§ **DATA**
++++++

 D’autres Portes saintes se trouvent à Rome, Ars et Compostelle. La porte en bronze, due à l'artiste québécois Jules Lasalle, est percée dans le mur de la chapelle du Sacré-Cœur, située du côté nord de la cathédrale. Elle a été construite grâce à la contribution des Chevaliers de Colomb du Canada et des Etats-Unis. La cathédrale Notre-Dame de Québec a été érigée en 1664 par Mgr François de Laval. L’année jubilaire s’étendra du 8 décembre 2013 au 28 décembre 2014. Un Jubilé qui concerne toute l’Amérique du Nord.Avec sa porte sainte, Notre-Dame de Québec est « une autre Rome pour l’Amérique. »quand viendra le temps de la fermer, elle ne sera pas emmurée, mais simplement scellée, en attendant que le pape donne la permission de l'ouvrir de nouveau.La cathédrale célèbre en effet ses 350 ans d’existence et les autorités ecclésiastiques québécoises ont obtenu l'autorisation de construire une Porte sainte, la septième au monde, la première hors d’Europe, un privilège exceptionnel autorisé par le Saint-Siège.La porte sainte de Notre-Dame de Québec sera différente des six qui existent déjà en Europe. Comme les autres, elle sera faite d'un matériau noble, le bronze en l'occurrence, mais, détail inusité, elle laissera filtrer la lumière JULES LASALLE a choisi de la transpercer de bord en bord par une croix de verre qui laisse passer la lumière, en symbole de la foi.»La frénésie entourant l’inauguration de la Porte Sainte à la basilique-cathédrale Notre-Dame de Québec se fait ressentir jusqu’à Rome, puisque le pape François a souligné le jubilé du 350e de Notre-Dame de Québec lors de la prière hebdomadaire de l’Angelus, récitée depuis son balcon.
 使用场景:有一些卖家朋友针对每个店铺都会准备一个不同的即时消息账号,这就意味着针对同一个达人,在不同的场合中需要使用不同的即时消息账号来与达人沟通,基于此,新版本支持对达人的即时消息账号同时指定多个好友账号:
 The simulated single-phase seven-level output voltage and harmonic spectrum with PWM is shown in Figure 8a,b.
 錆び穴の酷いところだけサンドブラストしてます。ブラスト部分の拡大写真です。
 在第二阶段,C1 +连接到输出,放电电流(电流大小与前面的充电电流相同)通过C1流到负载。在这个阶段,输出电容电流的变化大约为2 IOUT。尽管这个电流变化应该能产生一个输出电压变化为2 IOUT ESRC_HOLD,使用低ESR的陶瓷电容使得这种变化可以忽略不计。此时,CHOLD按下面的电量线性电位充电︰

++++++

§ **THE TASK**
All lines from the one that holds "The simulated single-phase" to the end of the entries above must be transcribed exactly, both ends included, and no others.

§ **REPLY**
 The simulated single-phase seven-level output voltage and harmonic spectrum with PWM is shown in Figure 8a,b.
 錆び穴の酷いところだけサンドブラストしてます。ブラスト部分の拡大写真です。
 在第二阶段,C1 +连接到输出,放电电流(电流大小与前面的充电电流相同)通过C1流到负载。在这个阶段,输出电容电流的变化大约为2 IOUT。尽管这个电流变化应该能产生一个输出电压变化为2 IOUT ESRC_HOLD,使用低ESR的陶瓷电容使得这种变化可以忽略不计。此时,CHOLD按下面的电量线性电位充电︰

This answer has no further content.